Perhaps it is pride, perhaps curiosity, that motivates men to maintain the vigil; whatever the case, you continue to do the only things you know.

Detect, transmit.

Another decade passes. You no longer have the budget to continue operating the gyroscopes that allow you to calibrate your magnetic sensors. Several years prior, you mis-interpreted a routine telemetry command as one to power up the heaters to one of your magnetometers, possibly due to bombardment by cosmic radiation; over a period of five days, this caused irreparable damage to this subsystem.

This is just one of a string of failures in individual components that comprise your being, inevitable yet saddening.

Your tiny heart has outperformed expectations, still operating at 58% of initial capacity, but there is no avoiding what is to come.

By the end of the year, you will no longer be able to do mass gyroscopic calibrations.

Within five years, you will no longer be able to operate your gyroscopes at all.

Within ten years, power will have to be shared between every piece of you just to do any readings whatsoever.

And within the next fifteen years, you will no longer be able to power a single thing. Your life will come to an end.

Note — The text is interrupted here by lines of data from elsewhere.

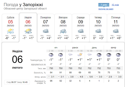 У Запоріжжі сонце виглядатиме лише вранці. Уночі очікуються опади у вигляді мокрого снігу. Температура повітря уночі утримуватиметься на показниках у -1 градус, вдень — стільки ж зі знаком "+".
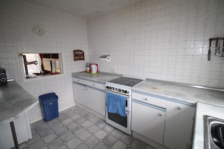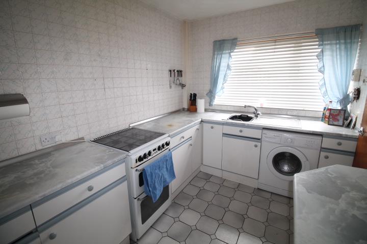 range of units comprising of worktops inset with stainless steel sink unit with splash backs. Gas oven and hob, washing machine and fridge. Tiled walls and tiled effect flooring. Radiator. Aluminium double glazed window to front.
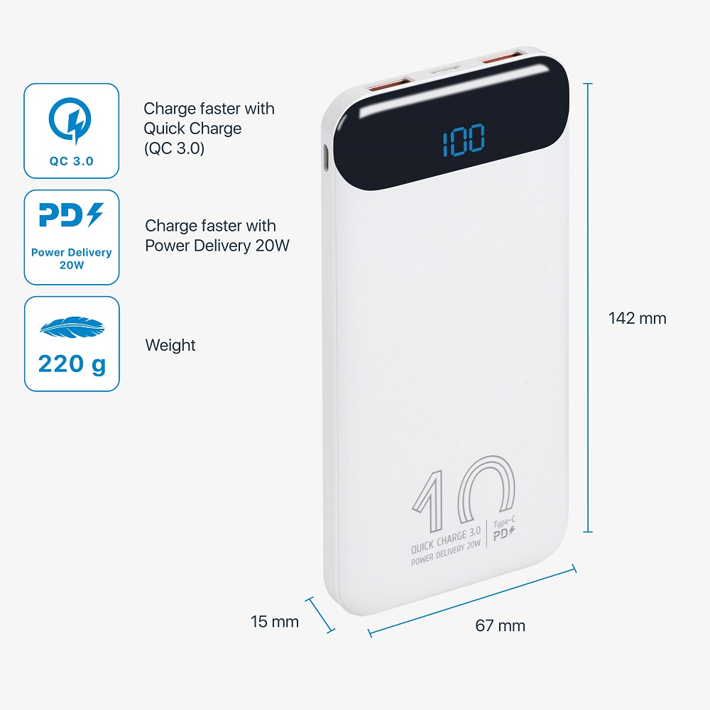 - Specifikacija: Li- Polymer baterija: 3.7V 10000 mAh 37 Wh • vhod: Micro USB 5V 2A / 9V 2A (podpira QC 3.0) Type-C 5V 2A / 9V 2A (podpira QC 3.0) • izhod: USB1 5V 3A / 9V 2 A / 12V 1,5 (podpira QC 3.0) USB2 5V 3A / 9V 2 A / 12V 1,5 (podpira QC 3.0) Type-C 5V 3A / 9V 2 A / 12V 1,5 (podpira QC 3.0) • Velikost: 142x67x15mm Teža: 230 g
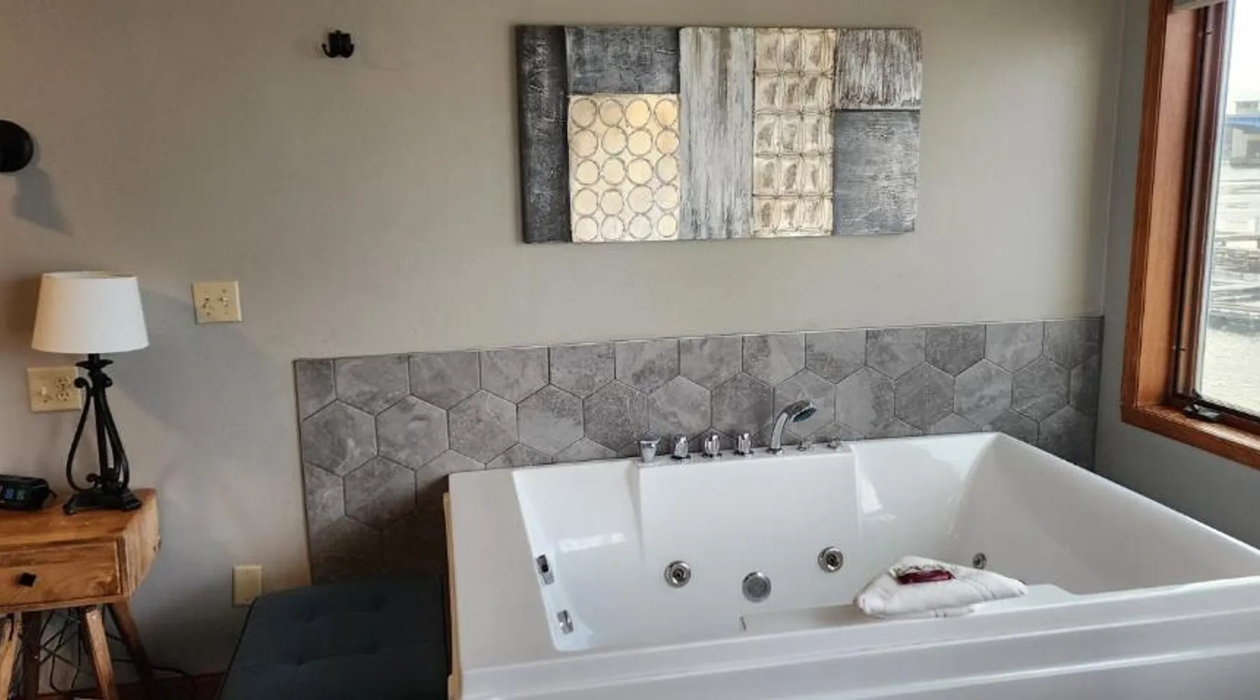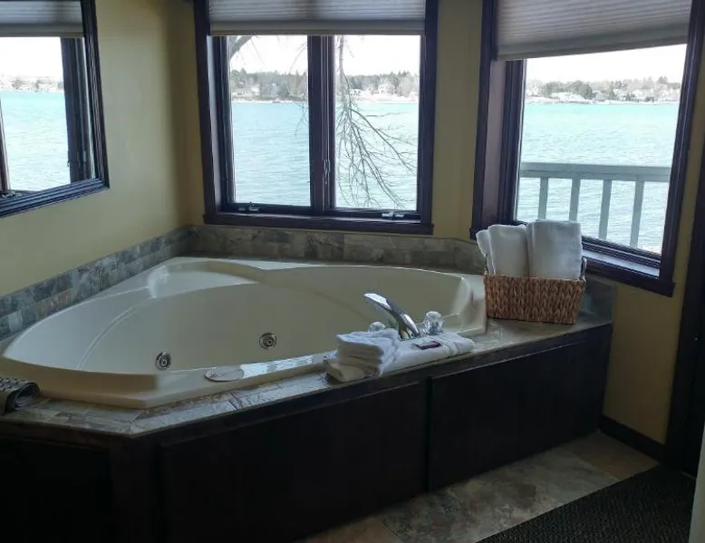 Comfortable Accommodations: Cozy Harbor Inn in Sturgeon Bay offers family rooms with private bathrooms, air-conditioning, and free WiFi. Each room includes a tea and coffee maker, refrigerator, and TV. Outdoor Amenities: Guests can relax in the garden or on the terrace, enjoy the outdoor fireplace, and utilize the outdoor seating and picnic areas. Free on-site private parking is available. Convenient Location: Located 53 mi from Green Bay–Austin Straubel International Airport, the hotel is near attractions such as Door County Maritime Museum (1.9 mi), Cave Point County Park (14 mi), and Cana Island Lighthouse (29 mi). Guest Favorites: Guests appreciate the scenic views, room comfort, and convenient location. Guests will have a special experience as this studio provides a hot tub, a spa bath and a fireplace. Guests will find a stovetop, a refrigerator, kitchenware and an oven in the fully equipped kitchen. The studio also offers a barbecue. This air-conditioned studio includes a flat-screen TV with cable channels, a private bathroom as well as a terrace with lake views. The unit offers 1 bed.
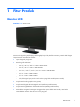 1 Fitur Produk Monitor LCD Gambar 1-1 Monitor LCD Monitor LCD (liquid crystal display) HP dilengkapi layar TFT (thin-film transistor), matriks aktif dengan lampu latar LED serta fitur-fitur berikut: ● Layar diagonal yang besar ● Resolusi grafis maksimal ◦ 2011x/ 2011xi/ 2011s: 1600 x 900 @ 60Hz ◦ 2211f / 2211x: 1920 x 1080 @ 60Hz ◦ 2311cm / 2311f / 2311x/ 2311xi: 1920 x 1080 @ 60Hz ◦ 2511x: 1920 x 1080 @ 60Hz ◦ 2711x: 1920 x 1080 @ 60Hz ◦ Plus, dukungan layar penuh untuk resolusi yang lebih
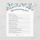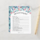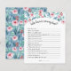 A sheet of paper with the game "Who knows mummy best?" for a baby shower, decorated with adorable watercolor paintings of plants with soft pastel emerald and blue leaves, branches and soft pink roses.
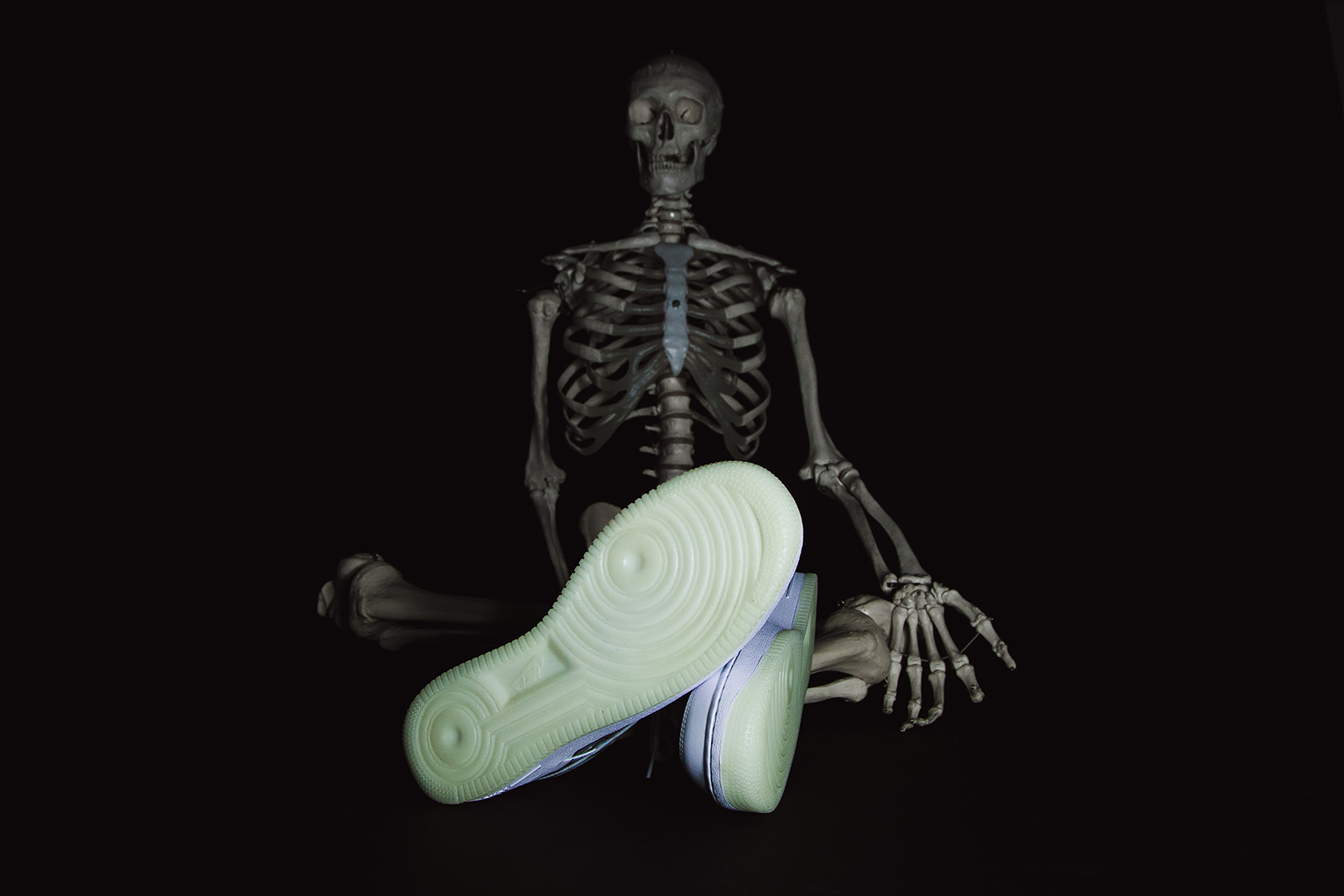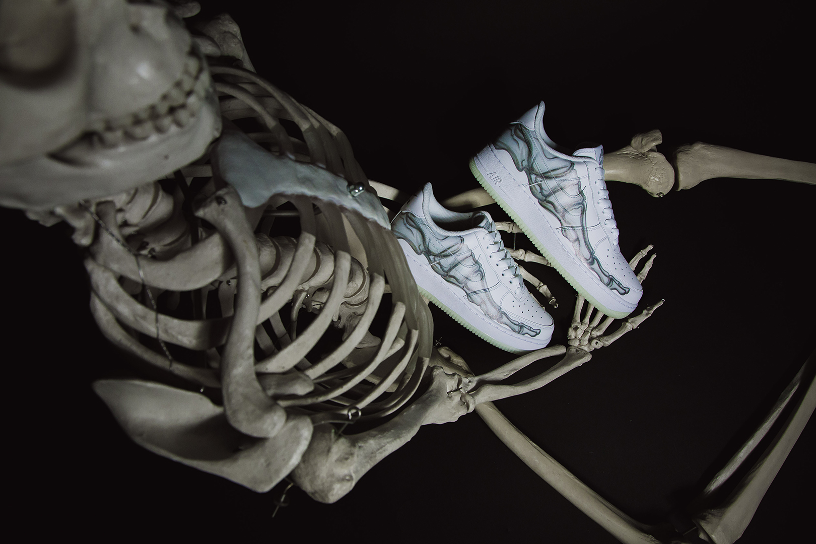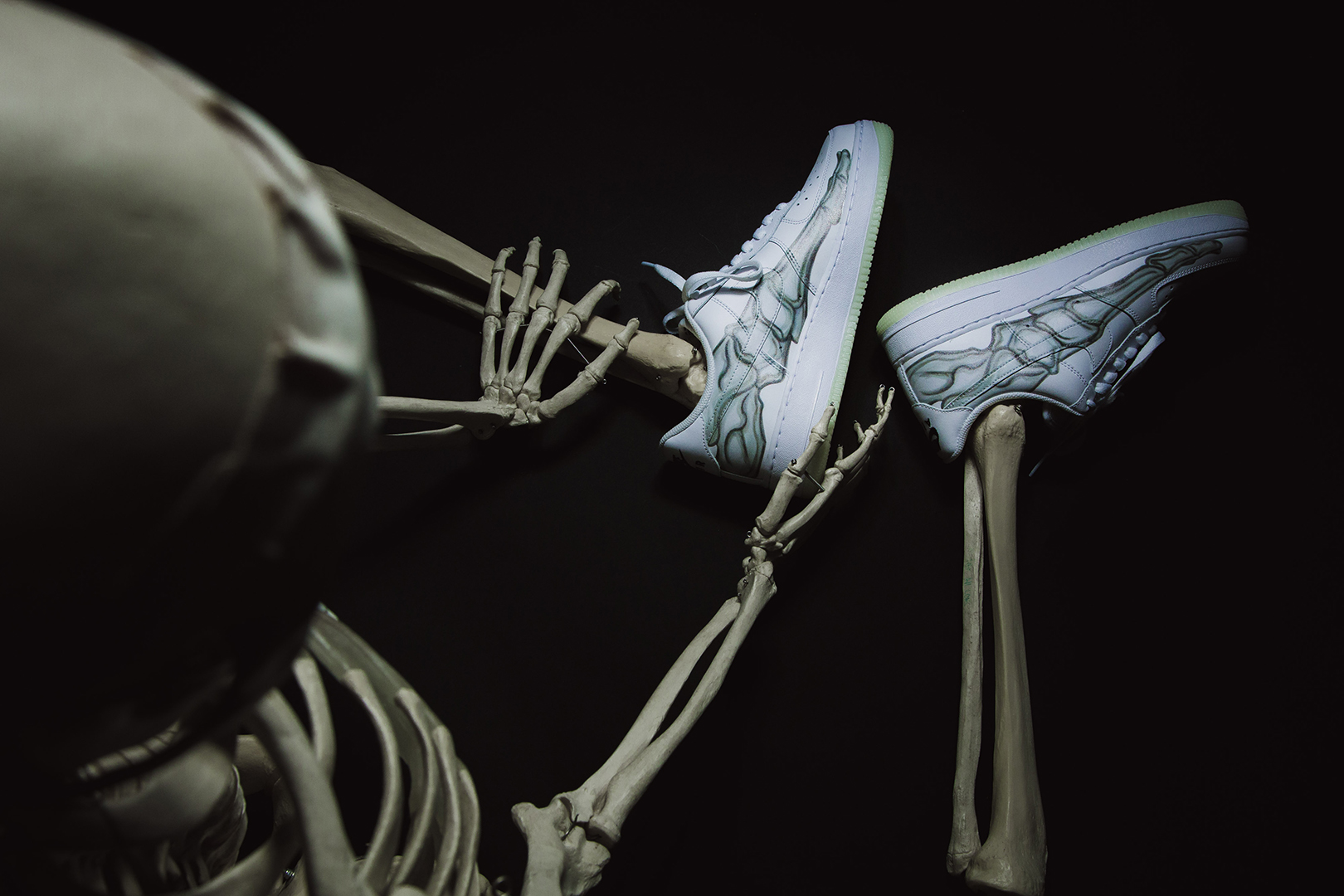 Der Skeleton kombiniert das klassische Leder-Upper, wie man es vom Air Force 1 kennt, mit schaurigen Details. Auf der Seite des Schuh befindet sich ein Skelett-Print, ebenso auf der Innensohle des Schuhs. Besonderes Highlight ist jedoch die Außensohle des Skeleton: es ist fluoreszierend und leuchtet somit im Dunkeln!
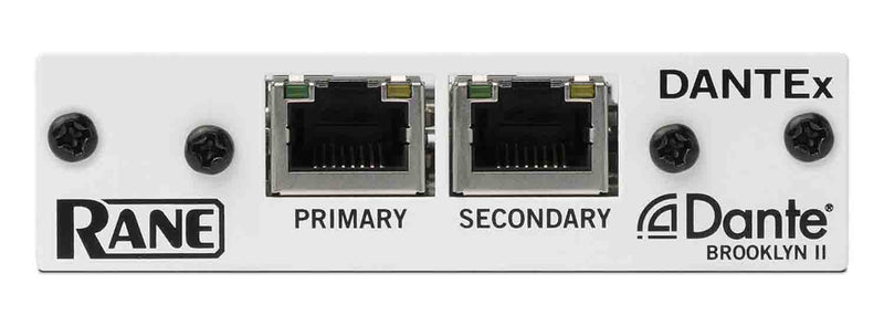 The Rane DANTEX is a Dante Expansion Card for Terminal 1010X Processor that allows system designers to integrate a Terminal 1010x processor with Dante-equipped microphones, amplifiers, breakout boxes, mixing consoles and other supported devices. It provides 32 inputs and 32 outputs of Dante digital audio with supported samples rates of 44.1kHz, 48kHz, 88.2kHz and 96kHz. Built-in sample rate conversion (SRC) converts the Dante sample rate to the fixed 48kHz sample rate required by the Terminal 1010x.
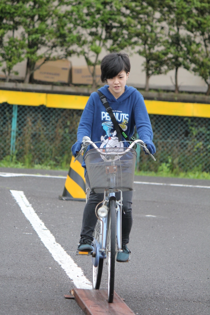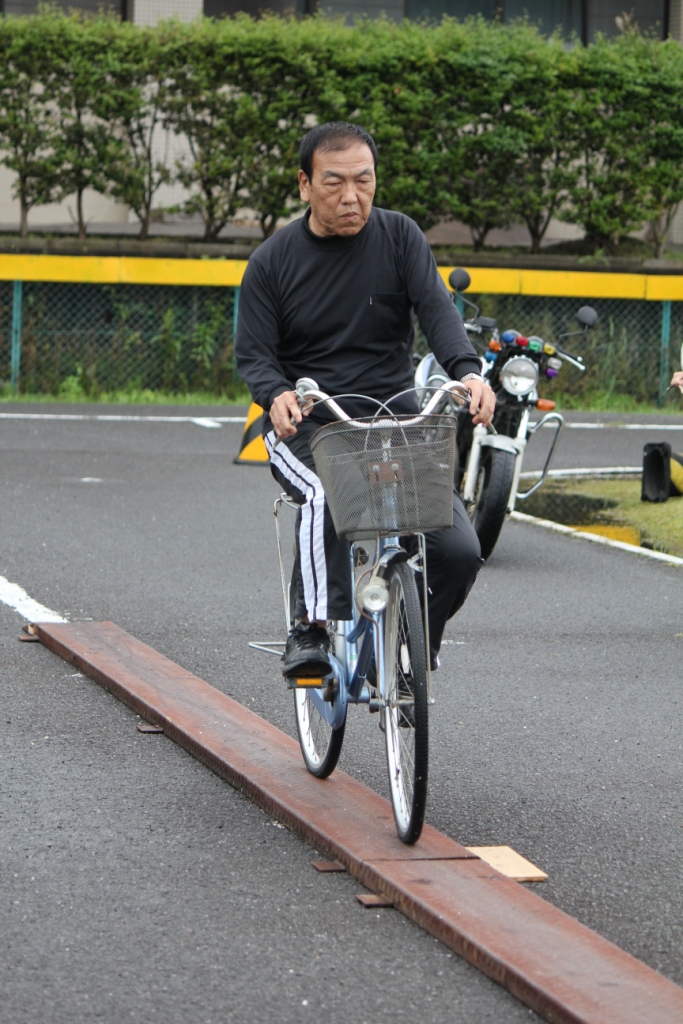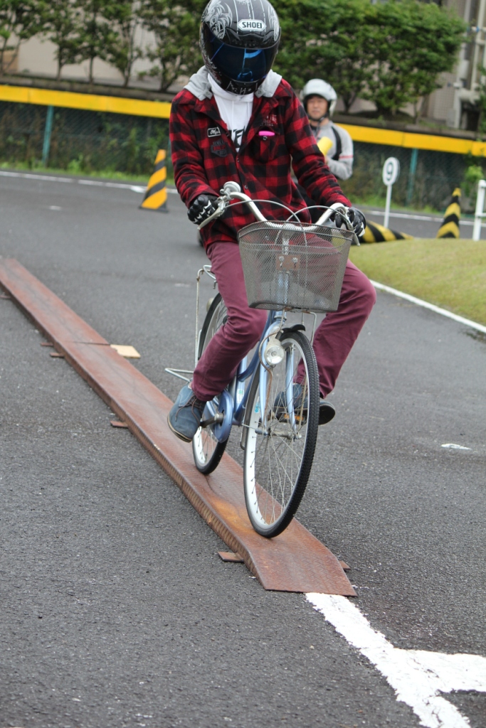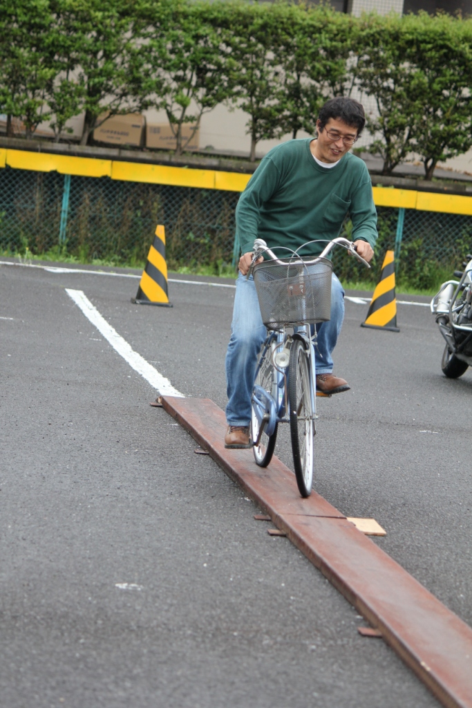 自転車での一本橋は、こぐ足でバランスが変化するし、駆動の伝達とバランスを取るのがむずかしいですね~
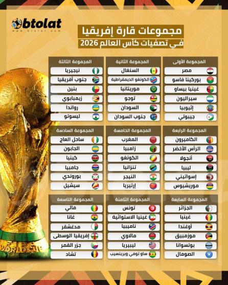 نتيجة قرعة تصفيات إفريقيا المؤهلة لمونديال 2026
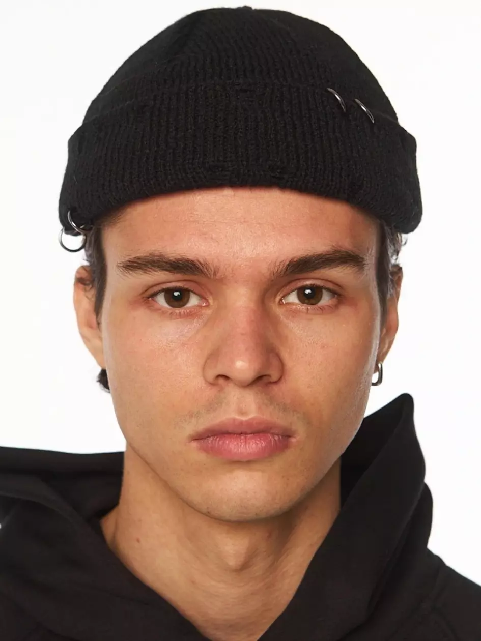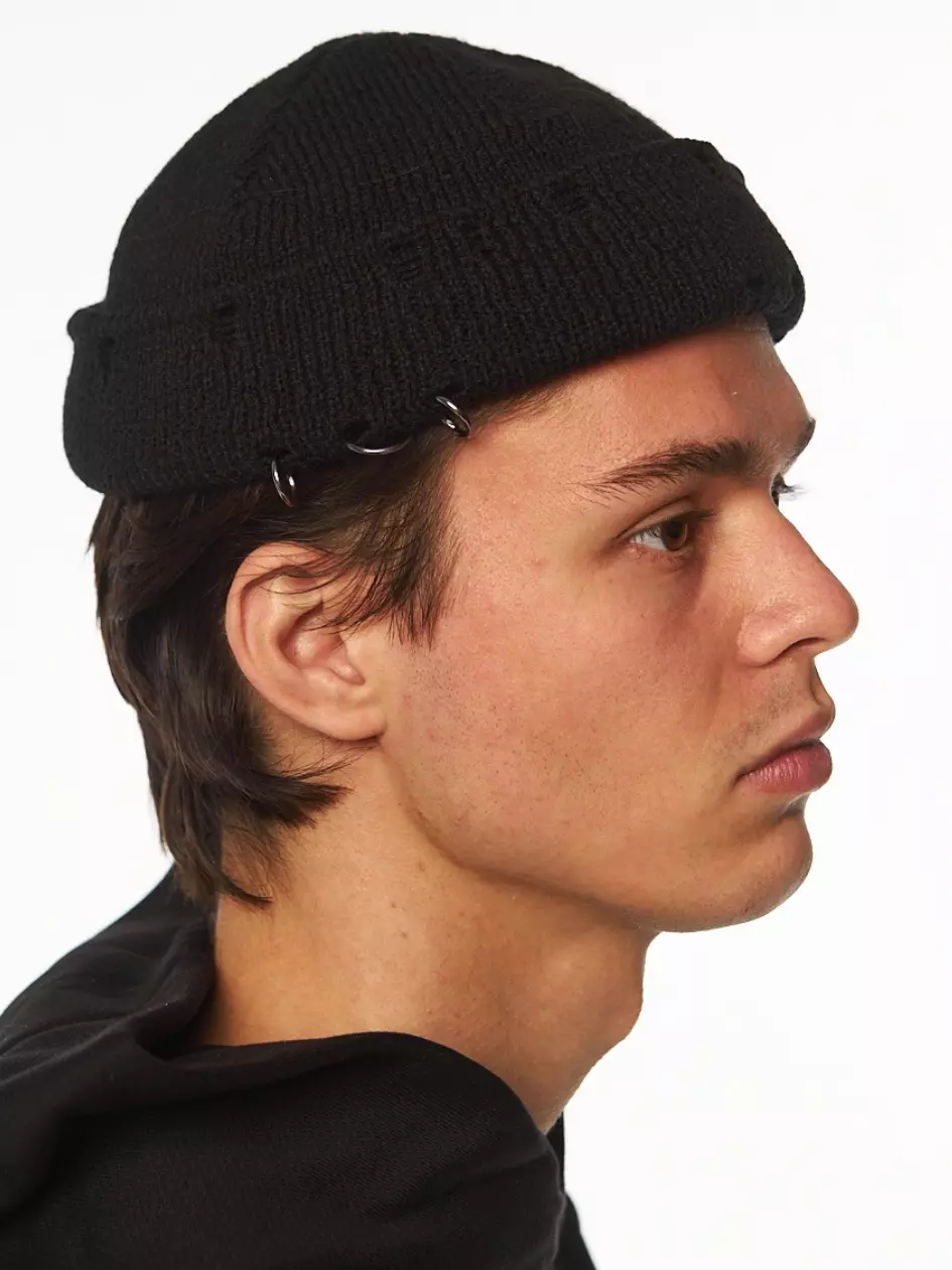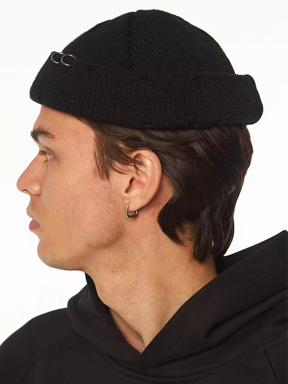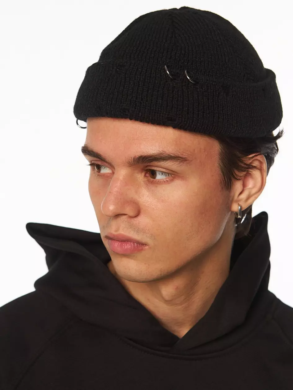 Шапка біні унісекс з розрізами і металевими кільцями. Металеві
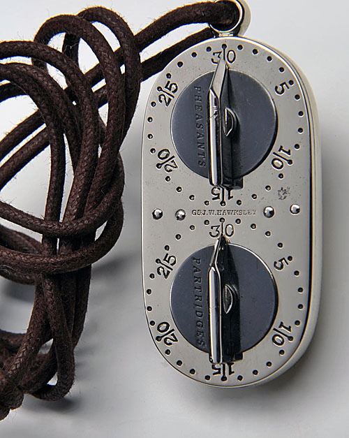 brass and nickel plate finish, four revolving counters engraved 'PHEASANTS, PARTRIDGES, RABBITS and HARES', one face marked 'G.& J. W. HAWKSLEY', lanyard loop with lanyard

Still you plug away, driven by the single-minded determination of your design, and the momentum that carries you.

-

Perhaps, far into the future, you will serve one final purpose, communicating to someone traveling the great interstellar expanse a message from your home.

For within your decrepit bulk, battered by all the extremes of space, there resides a gold-plated copper disc, on which are recorded sights, sounds, and messages of the tiny blue dot upon which you were conceived, created, and from which you were launched.

-

This is a message of hope, and a record of things that were, originating in a time of strife and uncertainty, and its mere presence indicates a belief that there will be a tomorrow.

-

Even if that does not come to pass, you will continue on, perhaps one day the last record of a species that was, a species that dreamed and reached for the stars, a species that, once upon a time, sent out a few tenuous fingers into the great night sky and dared to dream that one day, they might follow.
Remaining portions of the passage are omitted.